Another break in the metaphor that Easwaran notes but perhaps underweights: oil is consumed when used, while data is not. A barrel of oil, once burned, is gone. A dataset can be copied, shared, and reused indefinitely at near-zero marginal cost. This difference has profound economic implications. Oil markets are governed by scarcity. Data markets are governed by network effects, lock-in, and the cost of collection, not the cost of replication. The strategic dynamics are fundamentally different: controlling oil means controlling a depleting resource, while controlling data means controlling an accumulating one.
The Missing Dimension: Power
The lecture is thorough on the economic parallels but lighter on the political ones. When Easwaran mentions that oil was "strategically important enough that many wars are said to be about it," the natural follow-up question is whether data has already reached that threshold. The evidence suggests it has, or is close. The United States government's restrictions on semiconductor exports to China, the geopolitical competition over undersea cables, and the weaponization of social media data in election interference campaigns all point to data's role as a strategic resource in international competition.

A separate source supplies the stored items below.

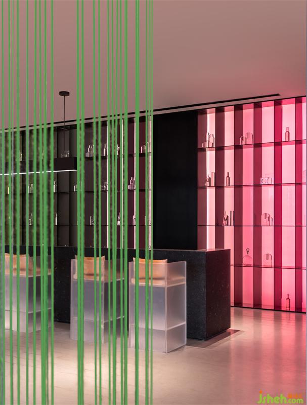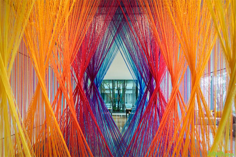 洽談區(qū)是空間故事的重心,也是折射出最絢爛光線的聚焦地。絲線的材質(zhì)和燈光的結(jié)合,展現(xiàn)出光和色彩的全新體驗,細膩的線猶如光束匯聚。在空間里非??侦`且具有感知力;極具張力的色彩打破空間的寧靜,彩虹般的色彩吸引著所有人的視覺焦點。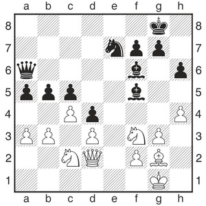 In dieser Stellung sollte Schwarz mit 19...Tg8 nebst 20...Dg6 die Königsstellung sichern und auf der g-Linie Spiel suchen. Nach dem gierigen 19...Dxc4 erhielt   Weiß nach 20.Dh4 Sd5 21.Sf5 einen Angriff, gegen den sich Schwarz nicht mehr verteidigen konnte. Mit diesem Sieg konnte Luisa zu den beiden Führenden aufschließen.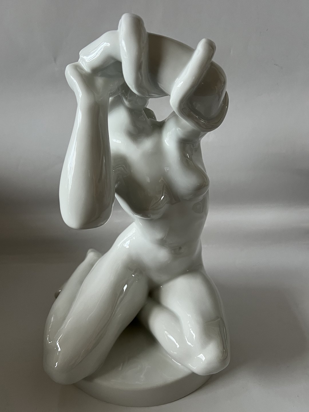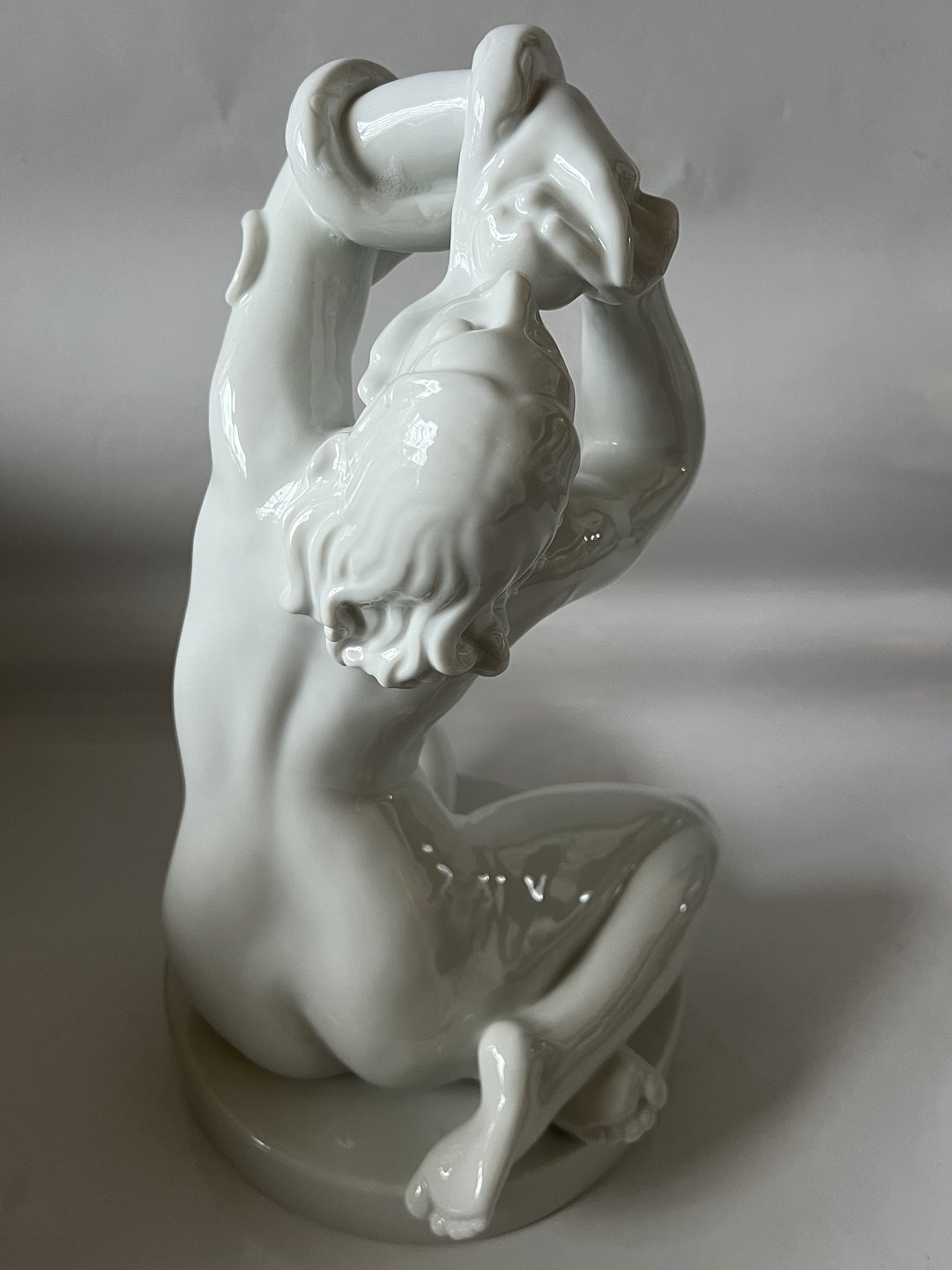Dahl Jensen Elegant og dynamisk porcelænsfigur, med motiv af Eva med slangen. Figuren har mange flotte detaljer, og fremstår minimalistisk i stilen. Den ensfarvede hvide farve giver figuren en tidløs tilstand, hvor motivet træder frem og skaber liv og dynamik. Figuren er fremstillet med sans for detaljen, og vil være et ideelt samlerobjekt.

Easwaran gestures toward this with a brief mention of election influence in the mid to late 2010s, but the Cambridge Analytica scandal, the role of recommendation algorithms in radicalization, and the use of surveillance data by authoritarian governments all suggest that data's strategic importance may already rival oil's in certain domains. The metaphor might be more apt than the lecture's cautious conclusion implies.
The 25-Year Argument
The lecture's closing argument is its most provocative. Easwaran places the current moment in data's history at roughly the equivalent of the 1880s in oil's history, the moment when Benz and Daimler were inventing the automobile but before anyone could imagine the world that petroleum-powered transportation would create.

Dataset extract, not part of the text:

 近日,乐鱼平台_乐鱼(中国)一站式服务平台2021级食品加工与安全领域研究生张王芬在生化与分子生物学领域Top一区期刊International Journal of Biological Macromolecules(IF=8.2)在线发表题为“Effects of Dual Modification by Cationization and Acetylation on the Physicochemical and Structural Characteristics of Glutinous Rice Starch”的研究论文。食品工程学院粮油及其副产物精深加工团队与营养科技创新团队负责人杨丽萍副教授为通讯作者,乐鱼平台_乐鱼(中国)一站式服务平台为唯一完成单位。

We're barely 25 years out from the start of the commercial extraction of data. In the history of oil, that would put us at the moment that Benz and Daimler invented the automobile. We haven't yet seen where the market for data is going.
This is a compelling framing, though it carries an implicit assumption worth questioning: that data's trajectory will follow oil's in terms of increasing strategic importance. There is an alternative scenario in which data becomes less strategic over time as collection becomes universal and commoditized. If every company and government has access to vast datasets, the competitive advantage may shift entirely to refinement capability, meaning compute power and algorithmic sophistication, rather than raw data ownership. In that world, "data is the new oil" would be less accurate than "compute is the new oil" or even "talent is the new oil."
Bottom Line
Easwaran's lecture succeeds as a historically grounded examination of a metaphor that is too often deployed without thought. The parallel between oil's initial use in lighting and data's initial use in advertising, and between their respective secondary applications in transportation and machine learning, is genuinely illuminating. The lecture is at its best when identifying where the metaphor breaks down: data's lack of fungibility, its non-rivalrous nature, and the uncertainty about whether its applications will ever be as universally central as transportation. Where it falls short is in underexploring the political and power dimensions of data as a strategic resource. The metaphor may be imperfect, but it is far from dead, and the lecture provides a solid foundation for thinking about why.